Clive was having his review with Peter just before mine and we went for a drink before going on to a presentation at the College. During the tube ride he shared his experiences and outlined his weekly schedule. As I’m due to based at the same hospital where he was, it’s likely I’ll be running a similar programme to the one he arranged. We’re still getting to know each other somewhat though we seem to have a lot in common with our interest in treating more than just a person’s “illness”.
We also seemingly share a significant personal interest in music. I had my usual difficulty in describing what I’m interested in before describing it as being in line with the diverse range that radio DJ, John Peel used to play. I was surprised to hear  from Clive that for someone so contemporary with an iphone, that his own musical interests consist almost entirely of guitar playing based on the blues. I tried to find common ground but he didn’t seem to know much of Jack White (of the White Stripes) but reckoned that he would like Seasick Steve. We therefore may have more to talk about in future than just our experiences in Ghana. Later in the week, Clive sent me his report to look over that confirmed much of what he had said and is likely to provide a blueprint for much of my own experience.
Also that night I met with Norman Poole who was the first doctor from our programme to go to Ghana. We worked together as part of the liaison psychiatry team at St George’s; I was in my last year as a Senior House Officer and he was the Specialist Registrar. I’d heard him speak about his time in Ghana before and his report is on the Royal College of Psychiatrists website
If Peter can’t get internet connection, Norman has agreed to give me supervision. We’re likely to keep in touch anyway as he started a research project in Ghana into the insight about mental illness among the population. Clive has developed this further and as I’m meant to spend one day a week doing research I would prefer to do something that’s already in progress than come up with something myself. I’ve enough to do in the month left before I go!
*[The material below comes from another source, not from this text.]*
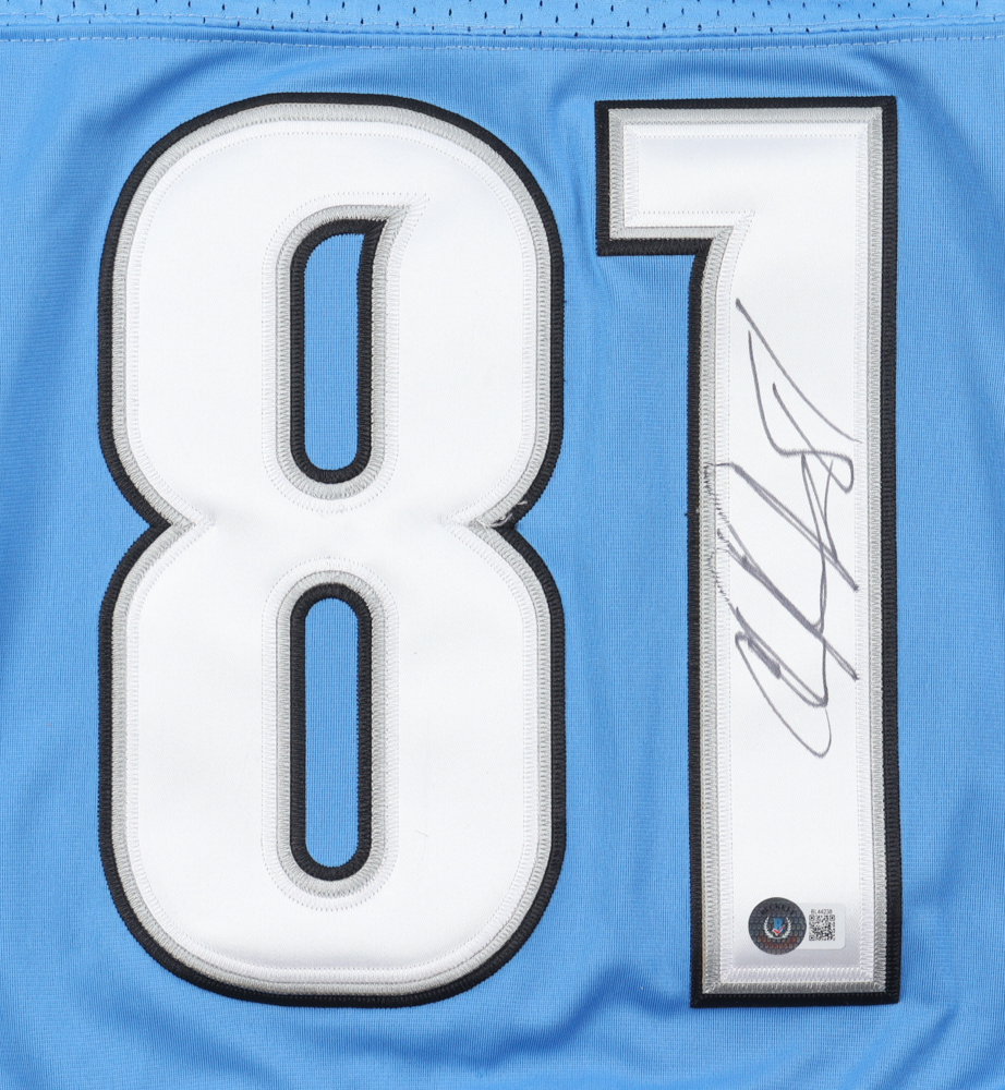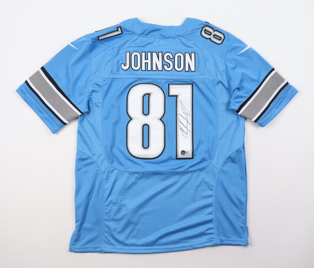 Custom jersey with everything sewn on, size 44. Hand-signed by Calvin Johnson (HOF).

I’m starting to realise more of what I won’t have time left to do until I’m back from Ghana, if ever. All the books I won’t read, photographs to scan and upload to my website, CDs and records to arrange. At work too while there’s plenty going on in the day, I’m having to think I won’t be here to follow-up patients from the clinics I do in neuropsychiatry and maternal well-being. There’s also a locum consultant post becoming available next month in Crawley that I hear I would have been considered for. That would have meant promotion while continuing with my life much as things are without having to get packed. It’s tempting but the trip to Ghana is now taking ocean-liner qualities of inevitability.
I hear that I’ll be having plenty of time available in the evenings and weekends so I’ll be trying to do a weekly summary as the placement goes  along and turn into a blog. Here then was the first part!
Hope you’re all well and will keep you posted as things progress.